RECORDS FOR THE TASK ▸
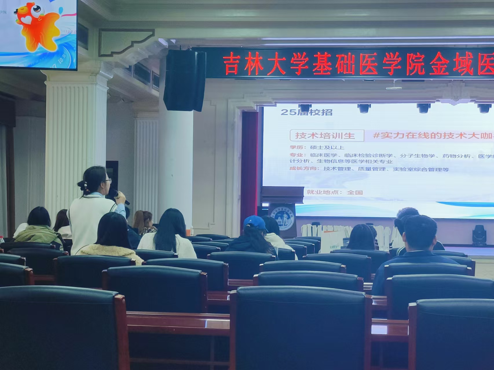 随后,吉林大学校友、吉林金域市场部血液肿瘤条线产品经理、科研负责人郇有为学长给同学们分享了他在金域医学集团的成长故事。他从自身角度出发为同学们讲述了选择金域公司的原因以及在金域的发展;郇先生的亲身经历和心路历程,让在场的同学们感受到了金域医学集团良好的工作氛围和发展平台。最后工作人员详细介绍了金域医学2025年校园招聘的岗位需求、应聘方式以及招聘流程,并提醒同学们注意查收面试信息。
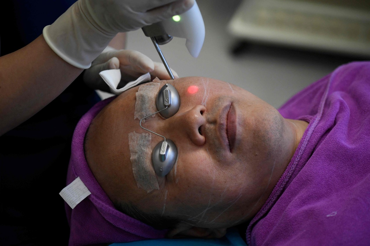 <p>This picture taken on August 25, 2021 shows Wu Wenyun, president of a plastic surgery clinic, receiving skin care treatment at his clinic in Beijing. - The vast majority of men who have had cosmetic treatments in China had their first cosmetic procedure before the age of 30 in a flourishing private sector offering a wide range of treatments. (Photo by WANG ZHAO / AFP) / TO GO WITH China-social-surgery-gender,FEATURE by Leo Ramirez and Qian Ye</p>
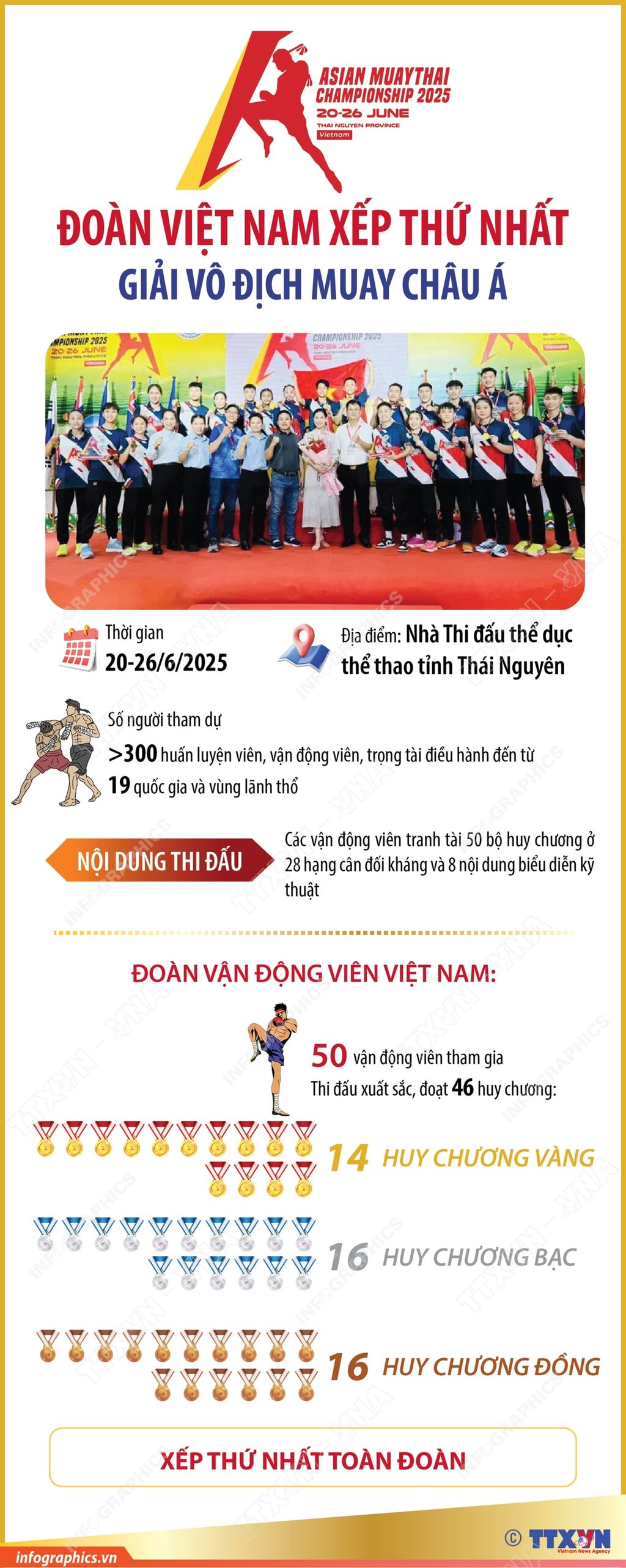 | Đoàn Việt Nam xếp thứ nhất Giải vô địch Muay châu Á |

...

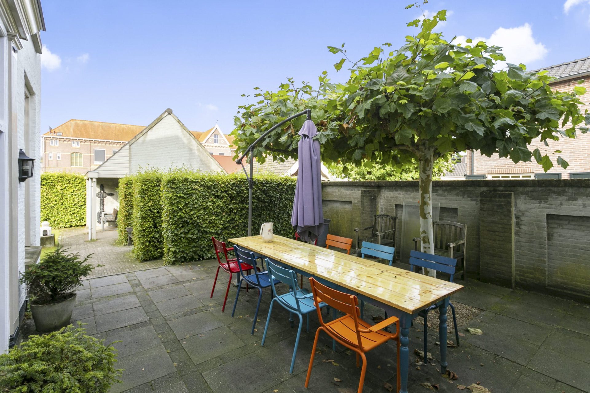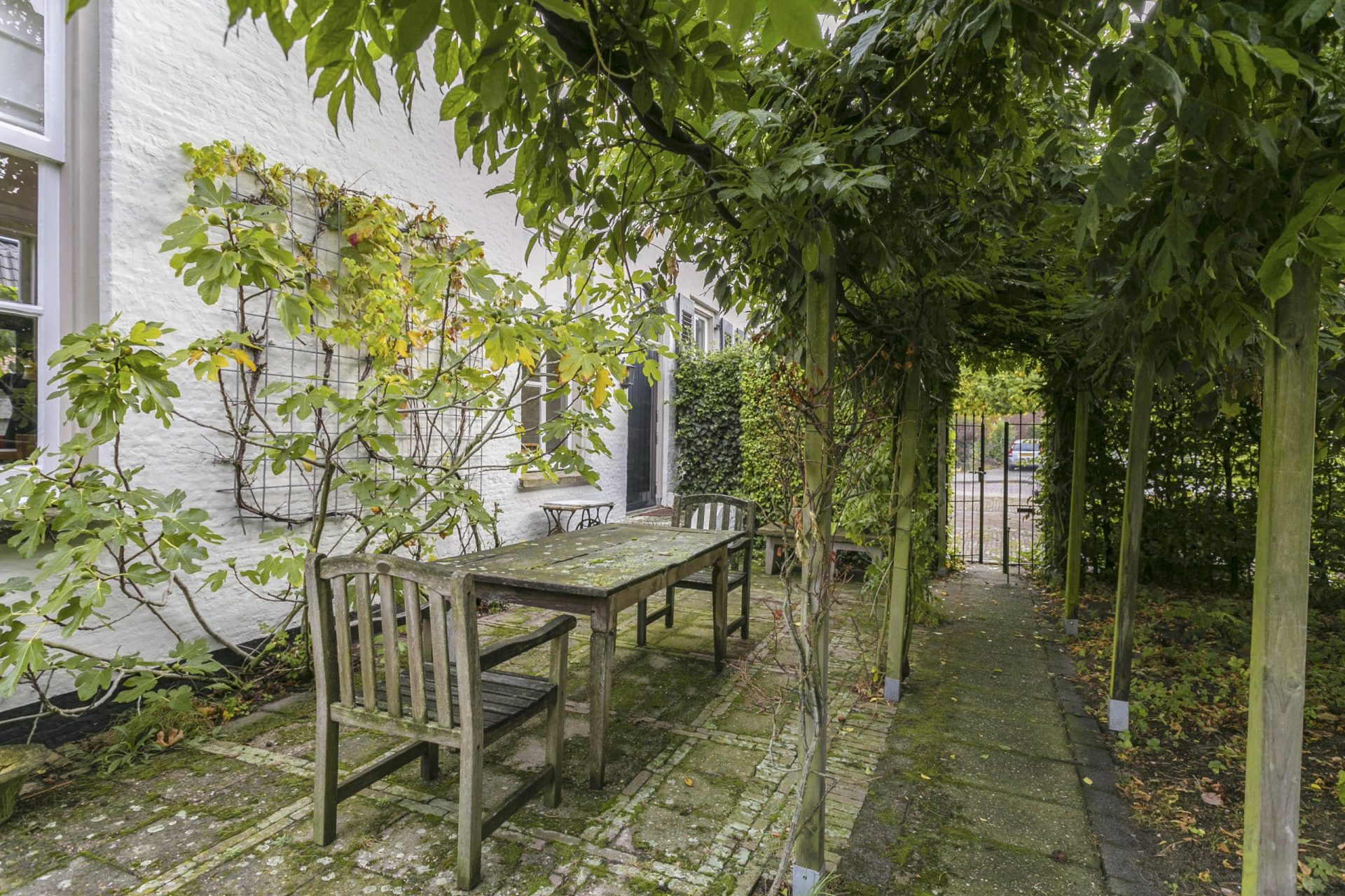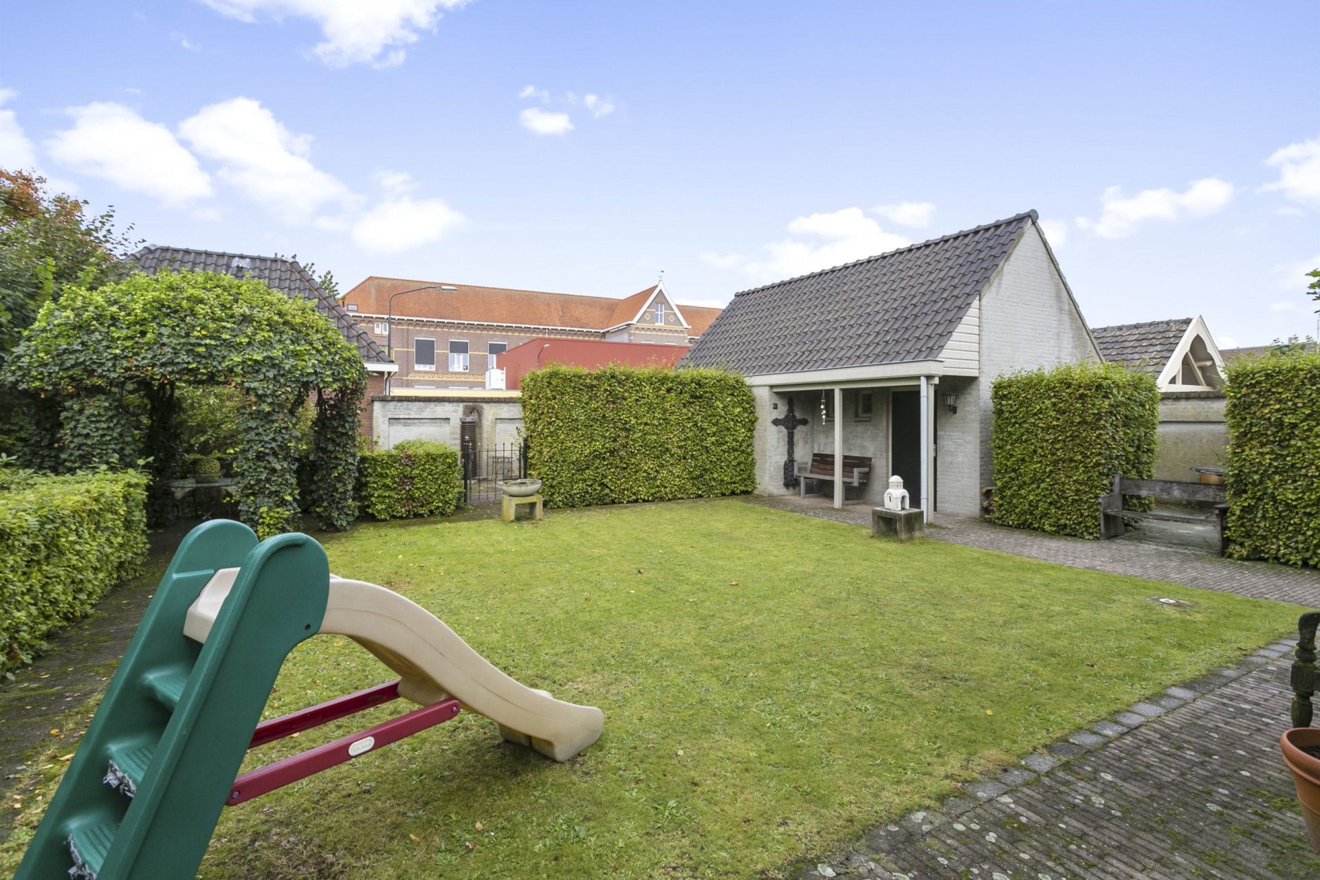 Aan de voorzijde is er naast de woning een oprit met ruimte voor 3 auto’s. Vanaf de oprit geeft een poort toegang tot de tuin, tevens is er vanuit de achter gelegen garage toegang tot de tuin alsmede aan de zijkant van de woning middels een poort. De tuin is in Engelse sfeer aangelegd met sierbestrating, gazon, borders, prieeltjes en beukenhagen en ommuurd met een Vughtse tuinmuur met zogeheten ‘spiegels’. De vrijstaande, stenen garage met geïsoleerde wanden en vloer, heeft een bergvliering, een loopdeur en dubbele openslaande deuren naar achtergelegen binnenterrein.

GOAL OF THE EXERCISE ▸
Copy the lines above exactly, starting with the line that contains "<p>This picture taken" and ending with the line that contains "Muay châu Á |", and leave out any pictures.

REPLY TO THE EXERCISE ▸
 <p>This picture taken on August 25, 2021 shows Wu Wenyun, president of a plastic surgery clinic, receiving skin care treatment at his clinic in Beijing. - The vast majority of men who have had cosmetic treatments in China had their first cosmetic procedure before the age of 30 in a flourishing private sector offering a wide range of treatments. (Photo by WANG ZHAO / AFP) / TO GO WITH China-social-surgery-gender,FEATURE by Leo Ramirez and Qian Ye</p>
 | Đoàn Việt Nam xếp thứ nhất Giải vô địch Muay châu Á |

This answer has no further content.